» What you need to do: Could you output each line below exactly as it appears, excluding any pictures?

[Data extracts Boundary: Start]

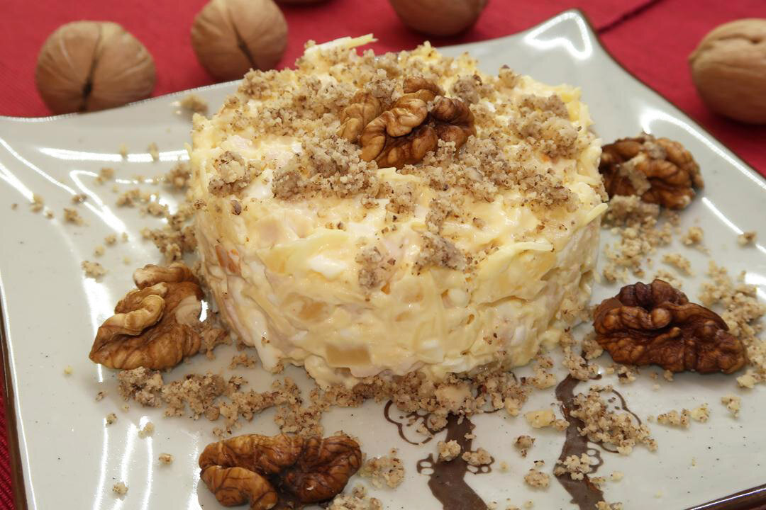 Нежное копчёное куриное филе, сладость консервированного ананаса и сытность сыра отлично оттеняет пикантная заправка из майонеза и чеснока. А если добавить горсть грецких орехов, то получается весьма оригинальное и необычайно вкусное сочетание. Этот салат идеален, как закуска к шампанскому. Для тех, кто любит краткие рецепты Ингредиенты: Куриная грудка копченая – 350 г Сыр твердый – 170 г Яйцо куриное (отварное) – 3 шт. Чеснок – 2 зубчика Консервированные ананасы – 5 колечек Грецкие орехи – одна горсть Майонез – по вкусу 1. Копчёную грудку нарезаем на небольшие кусочки. 2. Так же поступаем с консервированными ананасами. 3. Отварные яйца натираем на крупной тёрке. 4. Сыр натираем на средней тёрке. 5. Так же поступаем с двумя зубчиками чеснока. 6. Грецкие орехи измельчаем в блендере. 7. В глубокой чашке соединяем все ингредиенты: копчёную грудку, сыр, ананасы, яйца, чеснок. 8. Добавляем майонез и перемешиваем. 9. Выкладываем салат в красивую посуду или порционную форму и посыпаем грецким
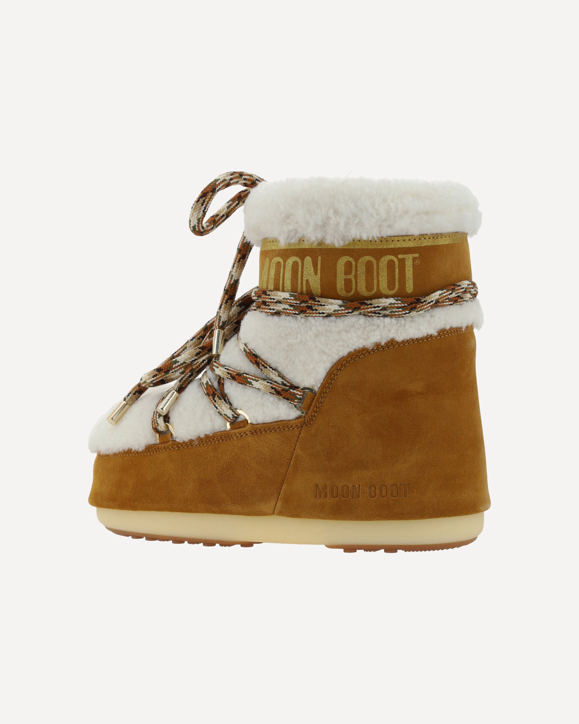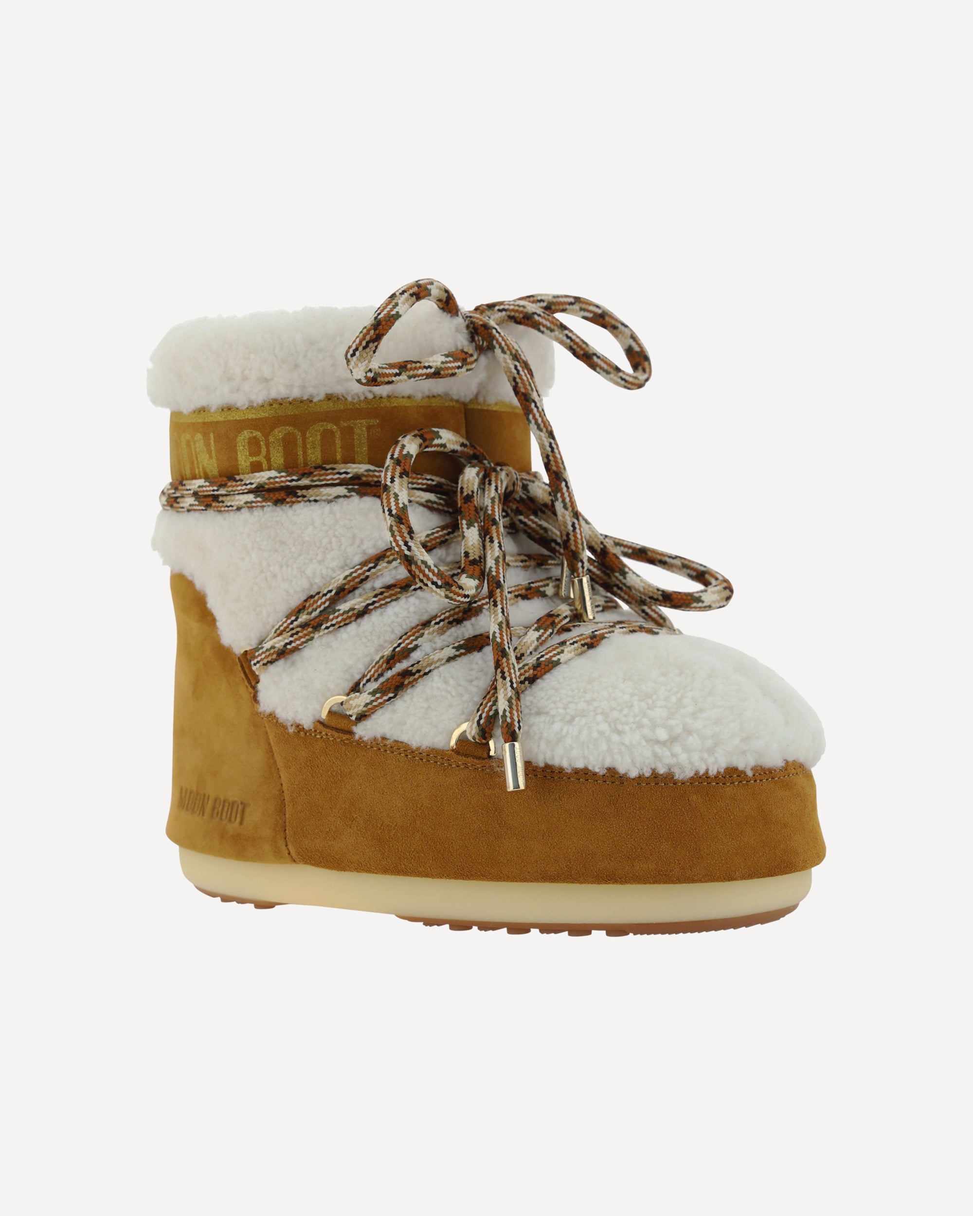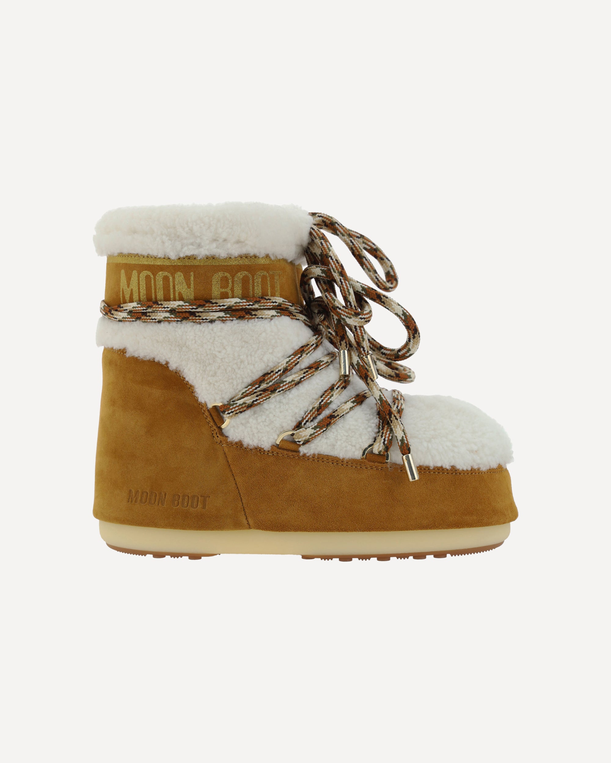 Stivali Icon Low Lab69 in Pelle di Moon Boot, design in shearling, iconico monogramma brand stampato a contrasto sul gambale, dettaglio in pelle scamosciata, lacci frontali per chiusura, suola platform, modello alla caviglia.
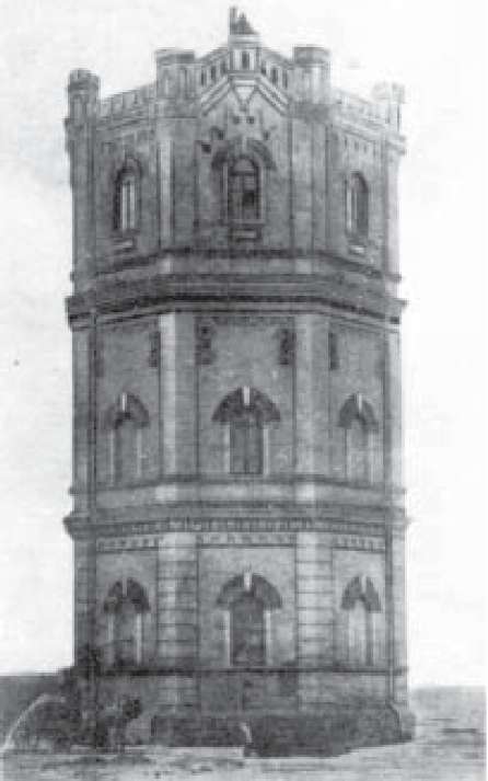 Та же газета четыре месяца спустя пишет о Тирасполе: «... на улицах страшная пыль, во дворах выливаются помои, здесь же лежат кучи навоза, а нередко и дохлая птица, сами господа-тираспольцы пьют, беря ведрами прямо из Днестра, грязную нефильтрованную воду, и все это никого не возмущает, никто даже не думает об улучшении санитарного состояния города. Тирасполь. Водонапорная башня. |
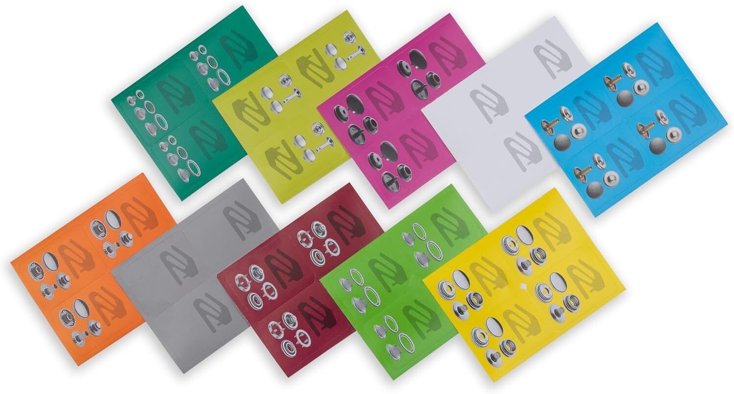 Rozlišovacie štítky na prehľadné usporiadanie cvokov Prym a nástrojov pre aplikáciu.
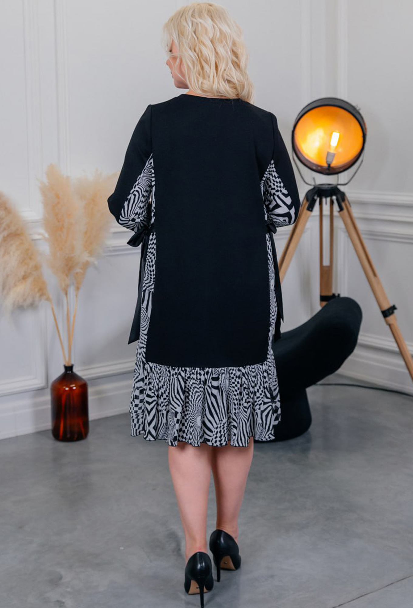 Платье комбинированное расширенного силуэта с рукавом 3/4 с притачными манжетами. Горловина округлая с притачной бейкой. По низу переда и спинки и по бокам вставки из контрастной плиссировки и декоративные завязки.
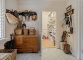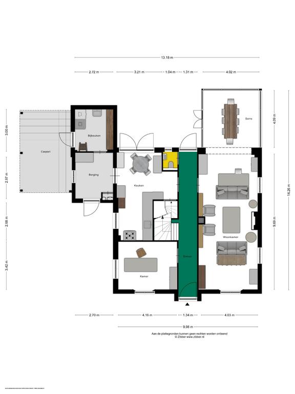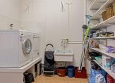 Achter een van de deuren in de keuken is een trap naar de wijn-/provisiekelder. Links van de keuken zijn een hal met eigen entree en een bijkeuken/wasruimte, die toegang biedt tot de carport.
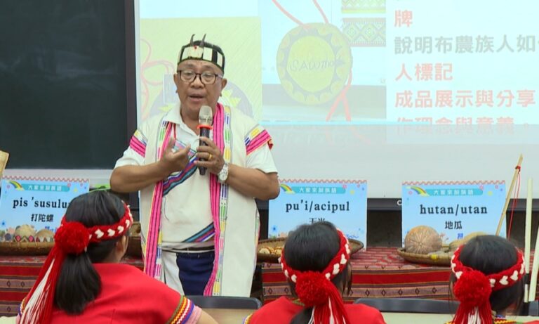 在講師的帶領下,一同吟唱布農族語古調,為了傳承原民文化,彰化地區的族語老師,在花壇國小辦理「原藝啟航」文化推廣活動,課程包含阿美族、布農族以及泰雅族文化介紹,除了讓原住民孩子更認識自己的族群之外,也讓非原民的學生一同學習,落實全民原教。

[Data extracts Boundary: End]

» The answer:
 Нежное копчёное куриное филе, сладость консервированного ананаса и сытность сыра отлично оттеняет пикантная заправка из майонеза и чеснока. А если добавить горсть грецких орехов, то получается весьма оригинальное и необычайно вкусное сочетание. Этот салат идеален, как закуска к шампанскому. Для тех, кто любит краткие рецепты Ингредиенты: Куриная грудка копченая – 350 г Сыр твердый – 170 г Яйцо куриное (отварное) – 3 шт. Чеснок – 2 зубчика Консервированные ананасы – 5 колечек Грецкие орехи – одна горсть Майонез – по вкусу 1. Копчёную грудку нарезаем на небольшие кусочки. 2. Так же поступаем с консервированными ананасами. 3. Отварные яйца натираем на крупной тёрке. 4. Сыр натираем на средней тёрке. 5. Так же поступаем с двумя зубчиками чеснока. 6. Грецкие орехи измельчаем в блендере. 7. В глубокой чашке соединяем все ингредиенты: копчёную грудку, сыр, ананасы, яйца, чеснок. 8. Добавляем майонез и перемешиваем. 9. Выкладываем салат в красивую посуду или порционную форму и посыпаем грецким
 Stivali Icon Low Lab69 in Pelle di Moon Boot, design in shearling, iconico monogramma brand stampato a contrasto sul gambale, dettaglio in pelle scamosciata, lacci frontali per chiusura, suola platform, modello alla caviglia.
 Та же газета четыре месяца спустя пишет о Тирасполе: «... на улицах страшная пыль, во дворах выливаются помои, здесь же лежат кучи навоза, а нередко и дохлая птица, сами господа-тираспольцы пьют, беря ведрами прямо из Днестра, грязную нефильтрованную воду, и все это никого не возмущает, никто даже не думает об улучшении санитарного состояния города. Тирасполь. Водонапорная башня. |
 Rozlišovacie štítky na prehľadné usporiadanie cvokov Prym a nástrojov pre aplikáciu.
 Платье комбинированное расширенного силуэта с рукавом 3/4 с притачными манжетами. Горловина округлая с притачной бейкой. По низу переда и спинки и по бокам вставки из контрастной плиссировки и декоративные завязки.
 Achter een van de deuren in de keuken is een trap naar de wijn-/provisiekelder. Links van de keuken zijn een hal met eigen entree en een bijkeuken/wasruimte, die toegang biedt tot de carport.
 在講師的帶領下,一同吟唱布農族語古調,為了傳承原民文化,彰化地區的族語老師,在花壇國小辦理「原藝啟航」文化推廣活動,課程包含阿美族、布農族以及泰雅族文化介紹,除了讓原住民孩子更認識自己的族群之外,也讓非原民的學生一同學習,落實全民原教。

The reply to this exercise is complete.